*** Opening DATA FOR THIS EXERCISE ***

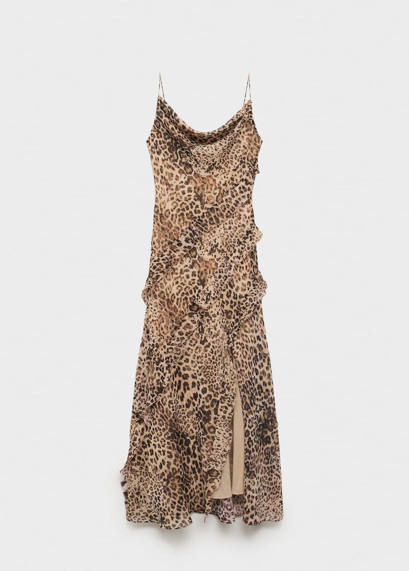 Leopard-print Ruffle Dress With Opening
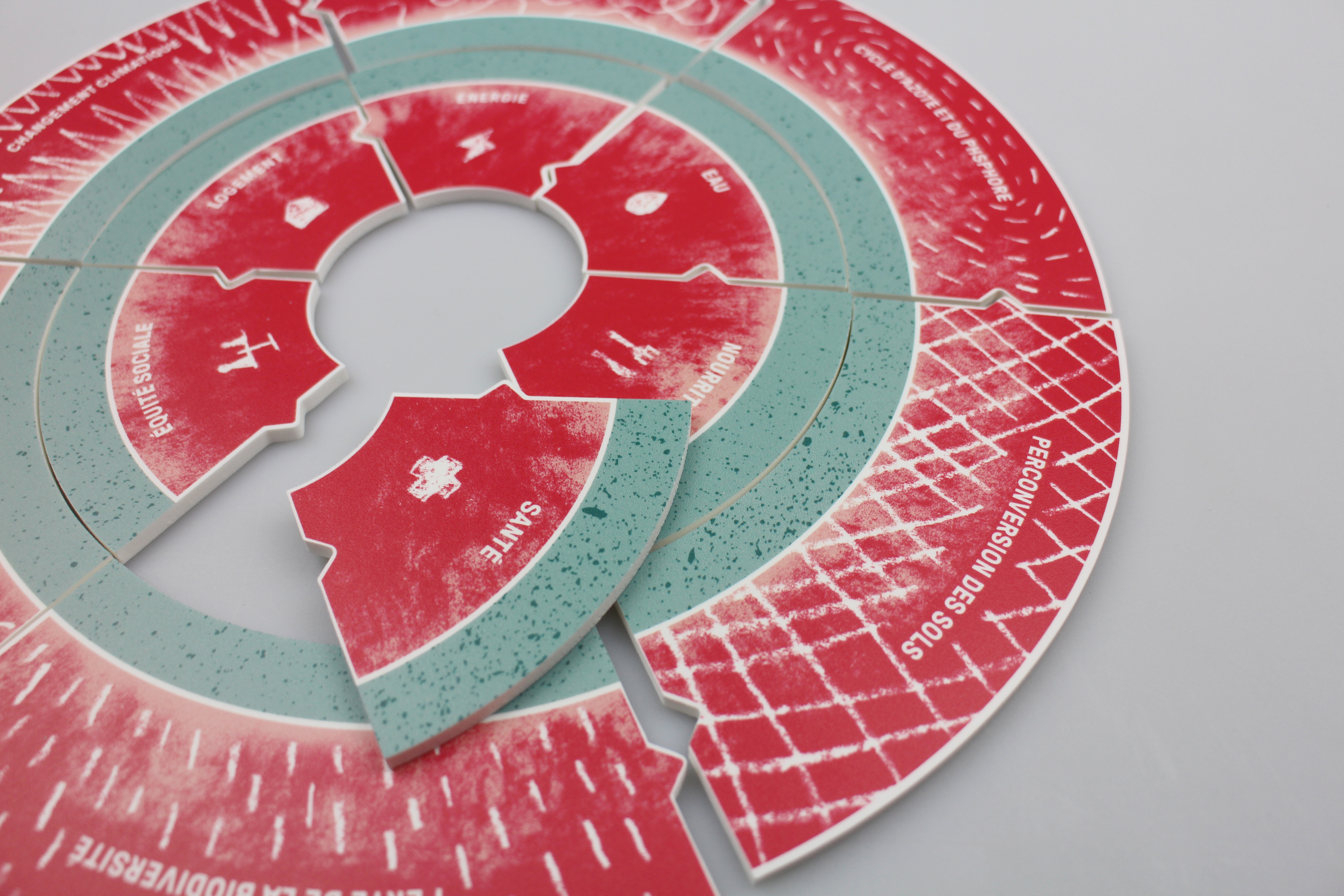 Cet atelier est proposé dans les classes de secondaire pour décourvir la théorie du donut de manière ludique et comprendre comment une vie juste et durable est possible. Sous forme d’enquête et de jeu de piste, le visuel se décline sur des supports variés.
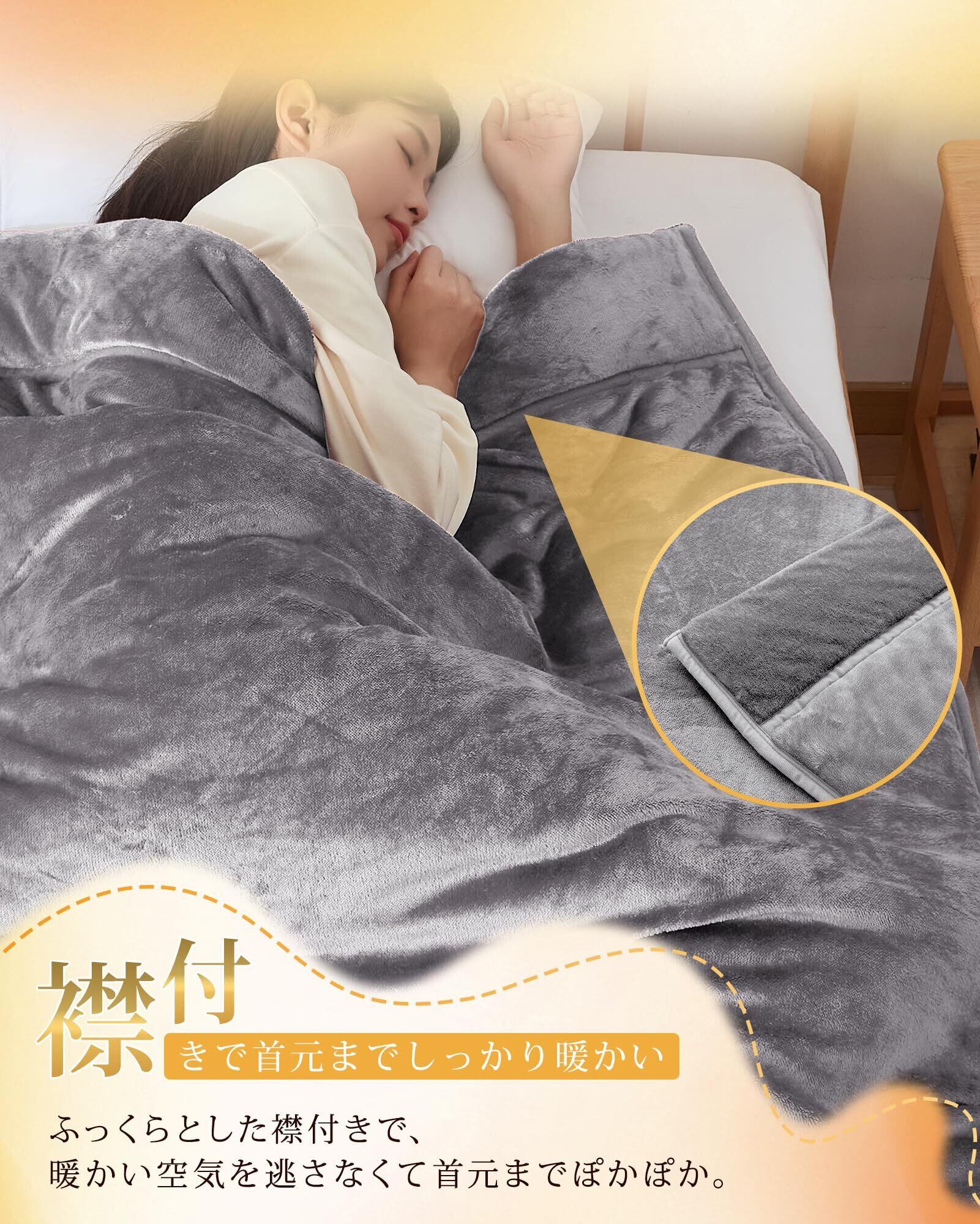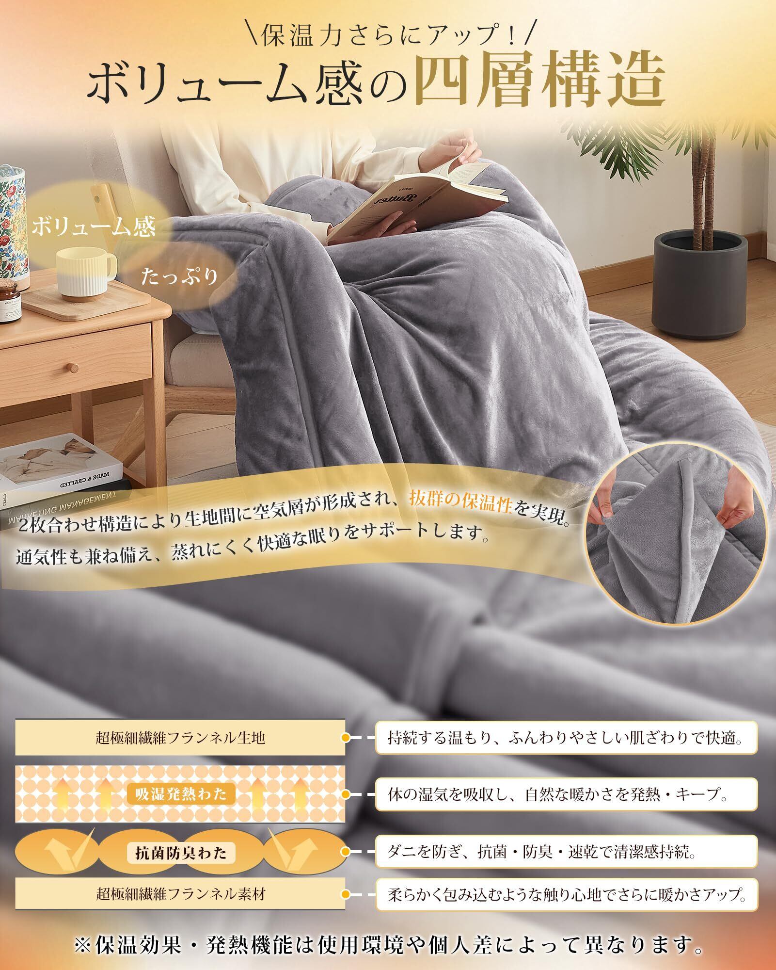 【二枚合わせ・保温力アップ】ふわふわとしたフランネル生地を二枚合わせにして、吸湿発熱中綿を詰めた四層構造のブランケットです。繊維の高い密度で保温性に優れ、暖かさをしっかりキープしてくれます。さらに、二枚合わせのフランネルで中の空気層は暖かい空気を毛布に閉じ込めて、一般の毛布より保温力が高まります。また、襟付きがありますので首元まで暖かいです。寒い季節にも心地良い眠りをサポートしてます。
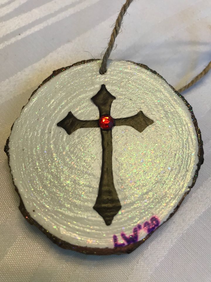Each wood slice, when finished, is very similarly hand painted, sealed and unique with knots, outer wood and between 2.5 and 3.5 inches in size. The pictures on the listing is what they will all pretty much look like. Your ornament will hang from a natural jute string.
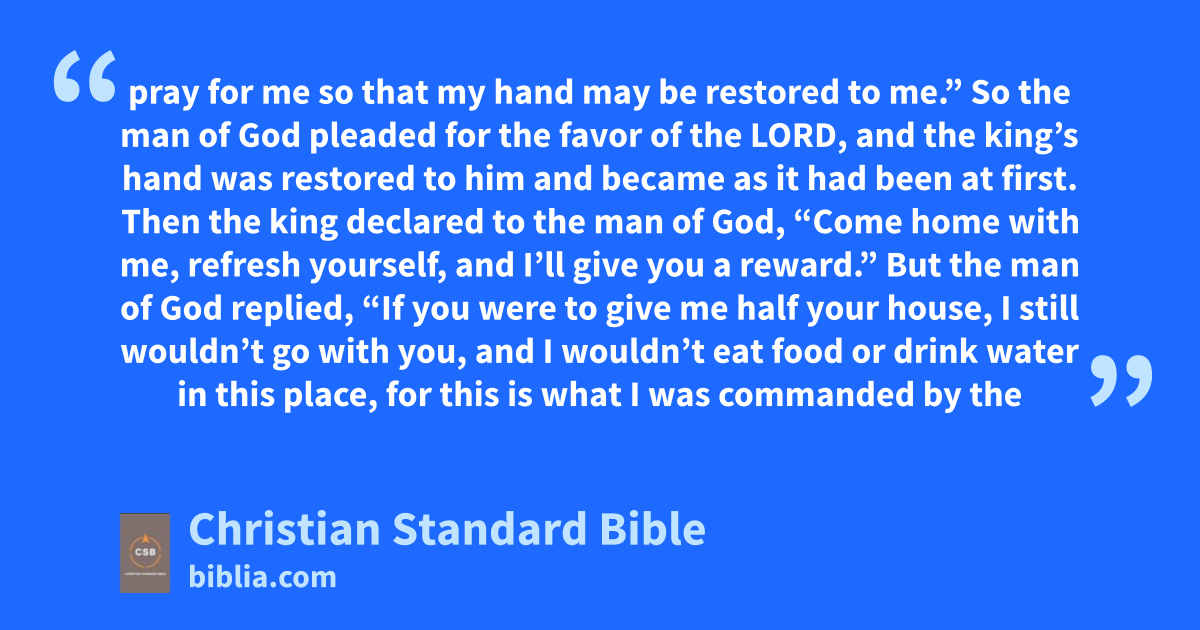 6 Then the king responded to the man of God, “Plead for the favor of the Lord your God and pray for mev so that my hand may be restored to me.” So the man of God pleaded for the favor of the Lord, and the king’s hand was restored to him and became as it had been at first.

*** Closing DATA FOR THIS EXERCISE ***

Leave the pictures out and output the rest of the listing exactly.

EXERCISE RESPONSE
 Leopard-print Ruffle Dress With Opening
 Cet atelier est proposé dans les classes de secondaire pour décourvir la théorie du donut de manière ludique et comprendre comment une vie juste et durable est possible. Sous forme d’enquête et de jeu de piste, le visuel se décline sur des supports variés.
 【二枚合わせ・保温力アップ】ふわふわとしたフランネル生地を二枚合わせにして、吸湿発熱中綿を詰めた四層構造のブランケットです。繊維の高い密度で保温性に優れ、暖かさをしっかりキープしてくれます。さらに、二枚合わせのフランネルで中の空気層は暖かい空気を毛布に閉じ込めて、一般の毛布より保温力が高まります。また、襟付きがありますので首元まで暖かいです。寒い季節にも心地良い眠りをサポートしてます。
Each wood slice, when finished, is very similarly hand painted, sealed and unique with knots, outer wood and between 2.5 and 3.5 inches in size. The pictures on the listing is what they will all pretty much look like. Your ornament will hang from a natural jute string.
 6 Then the king responded to the man of God, “Plead for the favor of the Lord your God and pray for mev so that my hand may be restored to me.” So the man of God pleaded for the favor of the Lord, and the king’s hand was restored to him and became as it had been at first.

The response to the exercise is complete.